Here's an implementation of the basic moving average cross system. It should be trivial to adjust it to fit your needs.
library(quantmod)
library(tseries) # for maxdrawdown if you want it
x <- getSymbols("SPY", src="yahoo", from="2012-01-01", to="2012-12-31", auto.assign=FALSE)
n1 <- 20 # for short term moving average
n2 <- 50 # for long term moving average
x$ma1 <- SMA(Ad(x), n1) # add a short term MA
x$ma2 <- SMA(Ad(x), n2) # add a long term MA
x$spd <- x$ma1 - x$ma2 # difference between the two
x$spd[1:n2] <- 0 # flat until we have enough data to calculate both MAs
x$cross <- c(0, diff(x$spd > 0, na.pad=FALSE)) # short cross long
x$pos <- NA # Position
x$pos[x$cross == 1] <- 1 # long where it crosses from below
x$pos[x$cross == -1] <- -1 # short where it crosses from above
# fill forward your position until you get the next signal. Also, you have to
# lag your signal because today's return will be a result of yesterday's position
x$pos <- c(0, lag(na.locf(x$pos), na.pad=FALSE))
x$pos[is.na(x$pos)] <- 0
x$ret <- c(0, ROC(Ad(x), na.pad=FALSE))
x$cumret <- cumsum(x$pos * x$ret)
out <- data.frame(n1=n1, n2=n2, cumret=as.numeric(last(x$cumret)),
mdd=maxdrawdown(x$cumret)$maxdrawdown, ntrades=sum(abs(x$cross)))
out
tail(x)
Edit
Ok then, using your data
library(quantmod) # for Lag.
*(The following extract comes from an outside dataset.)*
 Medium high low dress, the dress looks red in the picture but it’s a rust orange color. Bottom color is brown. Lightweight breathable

Also loads zoo which is needed for na.locf, and
# TTR which is needed for ROC
x <- Data[, 1:3]
x$pos <- NA
x$pos[with(x, nSignal >= 0.7 & Trend < 0)] <- -1
x$pos[with(x, nSignal >= 0.7 & Trend > 0)] <- 1
x$pos <- na.locf(x$pos)
x$pos[is.na(x$pos)] <- 0 # first few rows are NA; replace with 0 meaning "no position"
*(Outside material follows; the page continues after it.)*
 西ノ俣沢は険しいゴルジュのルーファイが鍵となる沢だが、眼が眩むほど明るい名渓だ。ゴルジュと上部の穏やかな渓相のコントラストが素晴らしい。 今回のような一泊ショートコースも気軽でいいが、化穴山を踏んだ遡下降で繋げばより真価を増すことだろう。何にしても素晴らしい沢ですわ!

x$ret <- ROC(x$PriceTao) * Lag(x$pos) # yesterdays position * return from yesterday to today
x
Note that you are using a data.frame
which is slower than a matrix
. Also, you do not have any dates or times associated with your data. IMHO xts
or zoo
would be a better data structure if you actually have time series data.